Technological advances in the grand-format printing industry have put some pressure on shops’ ability to keep up when it comes to cutting. Instead of the print side of the shop being the bottleneck, now it is the cutting side. That’s why Multicam believes it’s seeing more customers purchasing more than one cutting system. Many are buying CNC routers and digital finishing systems or more than one of each type of machine to keep up with the speed of the printers.
“There are so many markets out there, it is amazing to see what our customers bring to us to help them with,” says Boudria. “We’ve seen everything from making train batteries to shipbuilding, (and) cabinet shops to channel letters. It is amazing the products we’re involved with and get to help make.”
CAMaster’s industrial CNC router can also act as a digital finisher, says Cody Smith of CAMaster. “We provide versatility for the customer. They can do aluminum dimensional letters but then on the same machine could direct print vinyl and cut out decals with the oscillating knife.”

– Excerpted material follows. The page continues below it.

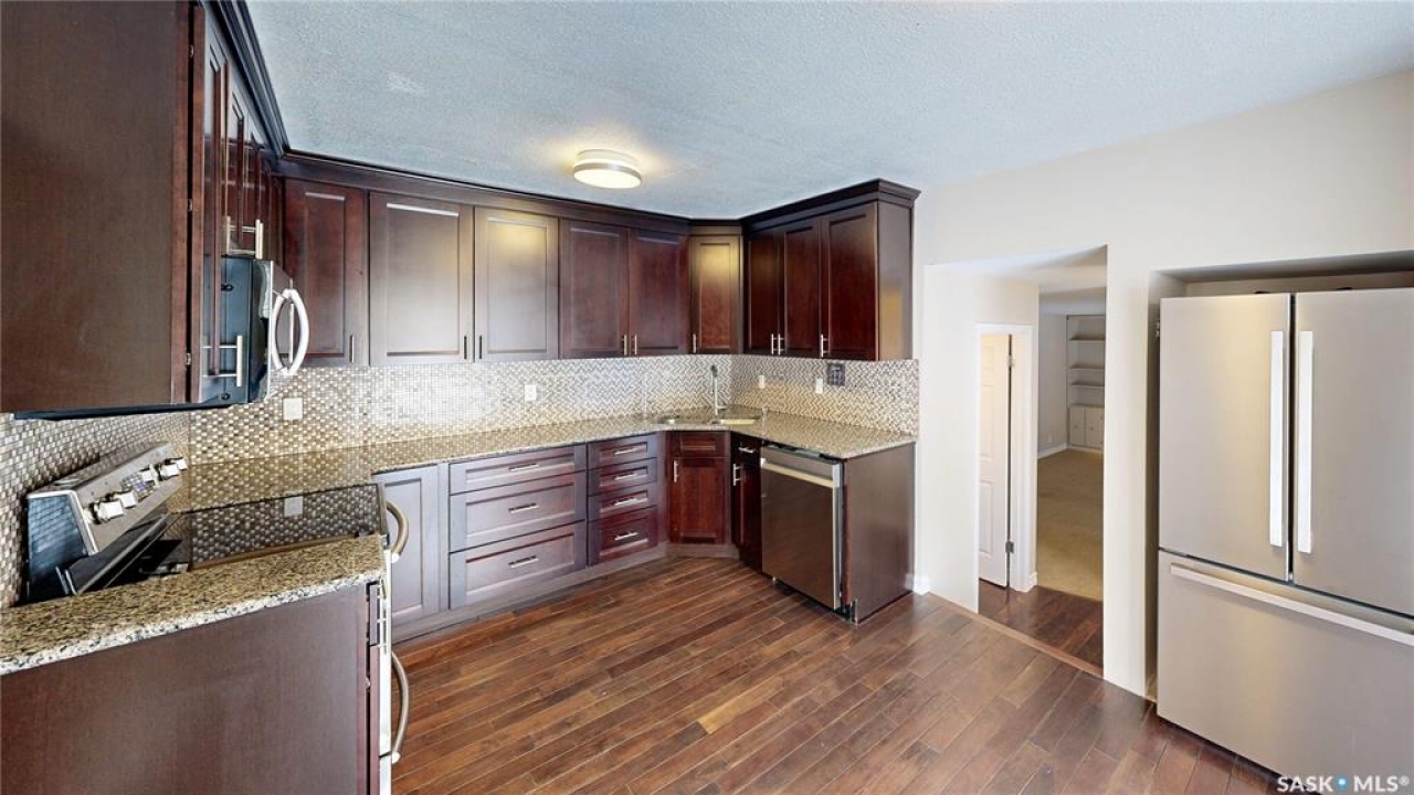 Welcome to 50 Lowry Place on a quiet cul-de-sac in the Albert Park neighbourhood. This 1973 built, 1729 square foot, 4 bedroom 3 bathroom, 2 storey split sits on a generous 7312 square foot, rectangular lot. The front yard has a lawn, professional landscaping with mature trees and a double driveway leading to the fully insulated, double, attached garage. The backyard is fully fenced and features a covered deck with a vaulted roof, eavestroughs, and sunshades, along with a sprawling lawn, mature trees, plenty of greenery and a back alley for easy access. You enter this home into the foyer with tile flooring, a coat closet and room for a bench. The entire interior has been freshly painted in 2025 giving it a fresh new feel. The living room has beautiful floor to ceiling bay windows and hardwood flooring. It flows seamlessly into the dining room with ample space for a large table and chairs. The kitchen was renovated in 2018 with custom cabinetry, granite countertops, tile backsplash and stainless-steel fridge, stove, microwave hood fan and dishwasher that were purchased in 2023 are all included. Next is a handy 2 piece bathroom. The cozy family room has a brick fireplace with built-in shelving and cabinets. Upstairs is the primary bedroom with a walk-in closet and a massive 4 piece en-suite bathroom featuring a large jet tub, separate shower, and a built-in vanity. Next is a good sized bedroom followed by the updated 4 piece bathroom and another bedroom. Downstairs in the fully finished basement is a large rec room with a unique workshop area. The laundry room has storage space and the included washer, dryer and freezer! Finishing off the home is one more bedroom. The home has also seen many upgrades including new central A/C, a stucco finish with 2” insulation, triple-pane windows, new shingles, soffits, and garage door, dual high-efficiency furnaces, new entry doors, sump pumps, updated plumbing fixtures, and an owned water heater. Listed for appraised value!

Cesare Magnani, Biesse, adds that most CNC routers can cut a variety of different materials from typical plastics like acrylic, polypropylene, and polyethylene to more dense materials like foam, aluminum, non-ferrous metals like bronze, wood, and composites. That means that shops can use their routers to cut out small components, machinery parts, covers or tops, and structural elements.
CNC machines have drag knives and oscillating knives as well as routing bits for carving. “We can not only work with a 3-axis machine carving vertically, but we have 4- and 5-axis solutions they can take to a different level of carving. They not only work vertically but inclined also. It has been a revolution. The machines today are not only more powerful but more affordable than they used to be. They have more capabilities and many different sizes,” Magnani says.
In the past, routers came with a 4′ X 4′ table, then 4′ X 8′, and then 5′ X 12′. Now there are huge machines — up to 7′ X 40′ — depending on the application.